It is our observation that while the first challenge is well-understood by the rare disease researcher or registry/biobank host, and the second challenge is becoming increasingly recognized as ‘best practice’ by this community, the third challenge poses problems that are unfamiliar to rare disease domain experts. Nevertheless, the interlinking between related Web data and knowledge resources, and the ‘virtual augmentation’ that results, ensures that each participating data host is maximally useful, both for their local users, and for the broader rare disease research community. As such, we have worked with the rare disease community to establish some guidelines and workflows that will simplify this third challenge, hopefully to the point that the data hosts are comfortable undertaking this challenge on their own.
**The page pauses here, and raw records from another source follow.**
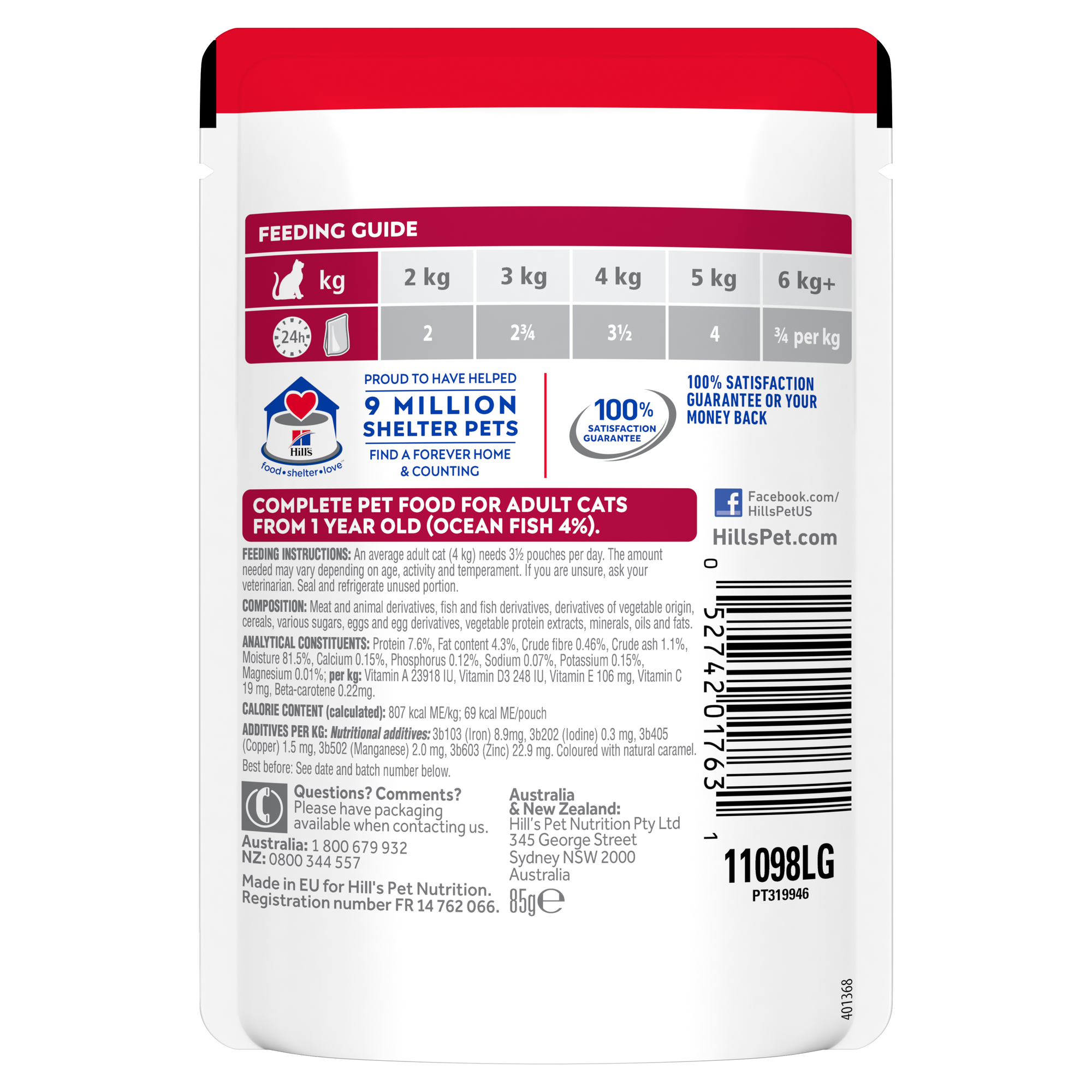 Your cat will love the taste ofHill's Science Diet Adult Ocean Fishwet cat food tender chunks in gravy. It has the perfect balance of taste and nutrition and is specially formulated to fuel the energy needs of cats during the prime of their life. Serve this gourmet daily nutrition as a balanced meal by itself, or try it on top of Science Diet adult dry cat food.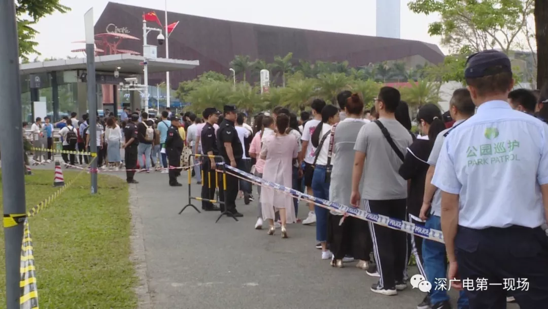 從下午5點(diǎn)半開(kāi)始,園內(nèi)游客逐漸散去,深圳灣公園地鐵站兩個(gè)進(jìn)站口外,排隊(duì)的人都超過(guò)了百米,安保人員增設(shè)了鐵馬來(lái)維持現(xiàn)場(chǎng)秩序。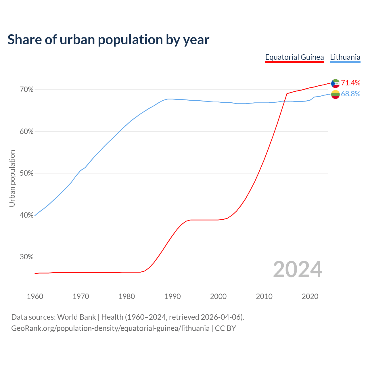From 2004 to 2024, the share of urban population changed from 40.9% to 71.4% in Equatorial Guinea and from 66.6% to 68.8% in Lithuania.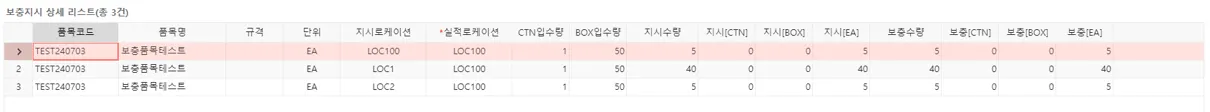 [1] 보충지시 (출고관리 > 출고관리 > 보충지시)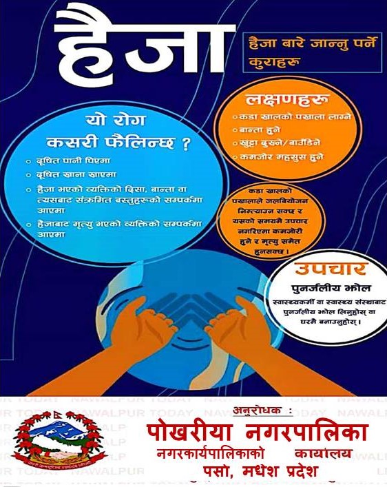 Homeप्रदेश सरकारमधेश हैजा मधेश प्रदेश खवर February 5, 2025 153 0 ताजा / भरखरै प्राप्त ठेकेदार हरिनारायण र पप्पु कन्स्ट्रक्सनविरुद्ध हरपतगञ्जका बासिन्दाहरुको आक्रोश :- April 28, 2026 यो तस्बिरले धेरै कुरा बोल्छ, जुन शब्दमा व्यक्त गर्न सकिँदैन:- April 28, 2026 तलब नपाएको छिपहरमाई गाउँपालिकाका कर्मचारीले गरे तला बन्दि:- April 27, 2026 सशस्त्र प्रहरीको महानिरीक्षकपदमा नारायणदत्त पौडेल नियुक्त:- April 27, 2026 भन्सार छली गरी ल्याइँदै गरेको सामान बारा प्रहरीको नियन्त्रणमा:- April 26, 2026 Share FacebookTwitterPinterestWhatsApp Previous articleहैजाNext articleगर्मीका कारण हुने बिमारीका लक्षणहरु लोकप्रिय नागरिकता विधेयक प्रमाणीकरणप्रति राजनीतिक दलबाट मिश्रित प्रतिक्रिया, विराेधमा काठमाडाैंमा प्रदर्शन बिरगंज बाट केदारनाथ दर्शन गरी ऋषिकेश जादा ट्रक ले मिनी बसमा ठोकेको छ, भारतीय मिडिया अनुसार 2 जनाको घटनास्थलमा मृत्यु भएको छ भने 8... आज २०८०,२,१५,गते – गणतन्त्र दिवस,विभिन्न कार्यक्रम आयोजना गरी देशभर मनाइँदै,! Related Articles मधेश प्रदेश खवर - April 28, 2026ठेकेदार हरिनारायण र पप्पु कन्स्ट्रक्सनविरुद्ध हरपतगञ्जका बासिन्दाहरुको आक्रोश :- मधेश प्रदेश खवर - April 28, 2026यो तस्बिरले धेरै कुरा बोल्छ, जुन शब्दमा व्यक्त गर्न सकिँदैन:- मधेश प्रदेश खवर - April 27, 2026तलब नपाएको छिपहरमाई गाउँपालिकाका कर्मचारीले गरे तला बन्दि:-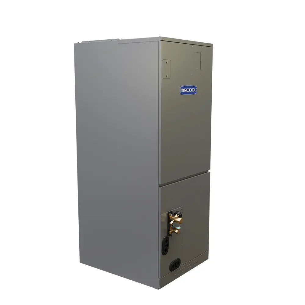 The 24K MRCOOL® DIY Hybrid™ Air Handler is a smart, flexible solution for heating and cooling spaces up to 1,000 square feet. Designed for easy pairing with MRCOOL® DIY condensers, it allows for a seamless, do-it-yourself installation—ideal for replacing older HVAC systems. Its painted galvanized steel exterior ensures durability and long-lasting performance, while the built-in self-diagnostics panel simplifies troubleshooting by quickly identifying error codes and reducing downtime. This air handler supports multiple installation configurations—including upflow, downflow, and horizontal left or right—making it adaptable to a variety of home layouts. It uses R-454B refrigerant, an environmentally conscious option that offers high performance with reduced environmental impact. For added warmth during colder months, an optional heat kit can be included for increased year-round comfort and versatility. The unit also comes equipped with the MRCOOL® Smart Wi-Fi Thermostat, allowing easy control via the touchscreen or the MRCOOL® app. This smart feature makes it simple to customize your indoor climate and maintain optimal comfort with minimal effort, whether you’re home or away. Backed by a 5-year parts warranty, the 24K MRCOOL® DIY Hybrid™ Air Handler combines energy efficiency, convenience, and reliability. It’s a cost-effective, modern upgrade for homeowners seeking greater control, performance, and peace of mind in their home HVAC systems.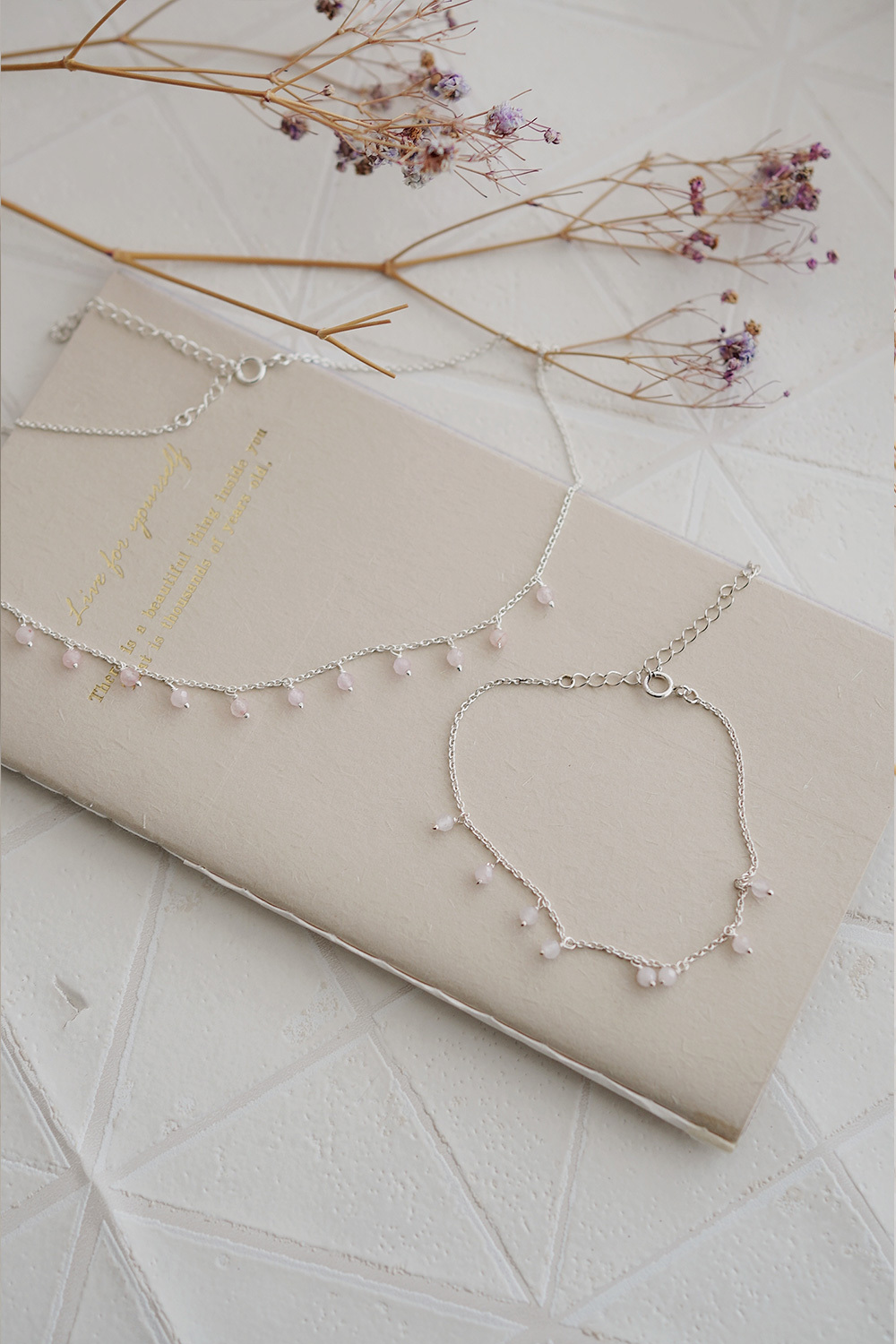 BLUMA粉晶巴黎女人925純銀手鍊項鍊

In summary, in this chapter we present an approach to prepare data for integration by enabling rare disease data to be exchanged on the basis of a global standard for computer-readable knowledge and data. We explain how this enables cross-resource research and creation of a robust infrastructure of rare disease data resources that are Findable, Accessible, Interoperable, and Reusable for humans and computers – FAIR [24] – at the source.
2 The Bio-ontology Forest
Ontologies play an important role in the scenario described above. ‘Ontology’ is an ancient concept in philosophy that has been adopted by computer scientists to describe a particular approach to making knowledge computer-readable. Real-world concepts are represented by a concept hierarchy where each concept is called a “class” and the subclasses – those further down the hierarchy – become increasingly more specific (e.g. humans are a more specific subclass of mammals). It is a best practice to publish ontologies that cover a specific part of reality. For instance, the Human Phenotype Ontology (HPO) covers only human phenotypes. As such, there are numerous ontologies; effectively, one for every top-level concept in the domain. For example, in the rare disease domain there would be ontologies describing disease symptoms, genetics, hospital staff, diagnostic equipment, etcetera. Things in the real-world – for example, individual researchers, or individual pieces of equipment, are called “instances” of these classes. Properties (also referred to as relations or predicates) describe how instances of these classes relate to each other. For example: one of the authors of this chapter is an instance of the class ‘Researcher’ and has a relation ‘hasSurname’ with ‘Roos’, which is an instance of the class ‘Family Name’. Thus, a machine could, without human intervention, find these two instances in the database, and know that one instance is a ‘Researcher’, and that the researcher has the family name ‘Roos’. A full record of the researcher ‘Roos’ would, therefore, have facets encoded by a wide range of ontologies, spanning multiple kinds of data such as medical history, address information, and various identification numbers. Globally defined and shared properties enable these ontologies to be unambiguously connected, such that a functionally interlinked knowledge network can arise. It is important to realize that the current consensus is that an ontology should cover a facet of reality in depth, and be linkable to other ontologies to cover the breadth of an application. For example, it makes little sense to expect concepts for drugs or genes in HPO, as they are not human phenotypes. Thus, so-called ‘application ontologies’ or ‘semantic archetypes’ select a subset of terms and properties from a number of ontologies to cover the breadth of an application [9].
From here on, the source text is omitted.